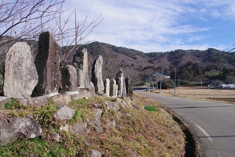 石倉地区や上滝地区の道沿いには、一代塔などの多くの古碑が見られ、古碑街道とよばれています。歴史に興味のある方におすすめの散策コースとなっています。
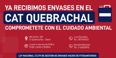 La Secretaría de Ambiente y Desarrollo Sustentable informa que está operativo el nuevo Centro de Almacenamiento Transitorio de El Quebrachal. Con la apertura de este CAT, la Provincia de Salta tiene seis centros en funcionamiento, donde los productores agrícolas pueden entregar los envases cumpliendo con lo establecido por ley.
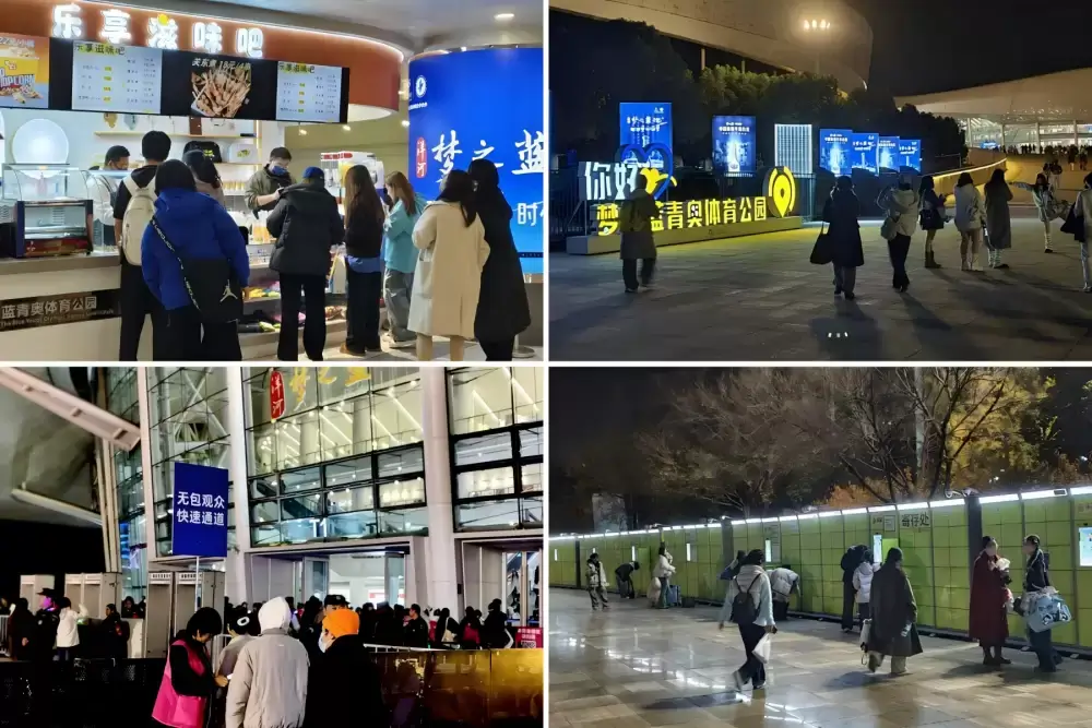 在场馆内精心设置的青奥主题打卡装置前,观众们有序排队,用镜头记录下这个特别的夜晚。数据显示,近六成观众跨省而来,为了让这一份份远道而来的热情得到最好的回应,梦之蓝青奥体育公园以细腻用心的服务落实着每个细节。优化后的入场动线大大缩短等待时间,丰富的餐饮选择为观众提供温暖补给,智能储物柜则为拖着行李的远方客人提供了贴心的便利。、
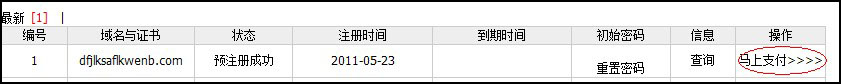 系統(tǒng)會(huì)提示“預(yù)注冊(cè)成功,馬上付費(fèi)>>>”,點(diǎn)擊后系統(tǒng)會(huì)轉(zhuǎn)到域名管理列表,您剛注冊(cè)的域名會(huì)提示“預(yù)注冊(cè)成功”,點(diǎn)擊最右側(cè)的“馬上支付>>>>” 就正式注冊(cè)成功了,如圖:

» What you are asked to do
Beginning at the line that contains "在场馆内精心设置的青奥主题打", retype each line of the data above through the very last one. Do not retype the pictures.

» Response to the exercise
 在场馆内精心设置的青奥主题打卡装置前,观众们有序排队,用镜头记录下这个特别的夜晚。数据显示,近六成观众跨省而来,为了让这一份份远道而来的热情得到最好的回应,梦之蓝青奥体育公园以细腻用心的服务落实着每个细节。优化后的入场动线大大缩短等待时间,丰富的餐饮选择为观众提供温暖补给,智能储物柜则为拖着行李的远方客人提供了贴心的便利。、
 系統(tǒng)會(huì)提示“預(yù)注冊(cè)成功,馬上付費(fèi)>>>”,點(diǎn)擊后系統(tǒng)會(huì)轉(zhuǎn)到域名管理列表,您剛注冊(cè)的域名會(huì)提示“預(yù)注冊(cè)成功”,點(diǎn)擊最右側(cè)的“馬上支付>>>>” 就正式注冊(cè)成功了,如圖:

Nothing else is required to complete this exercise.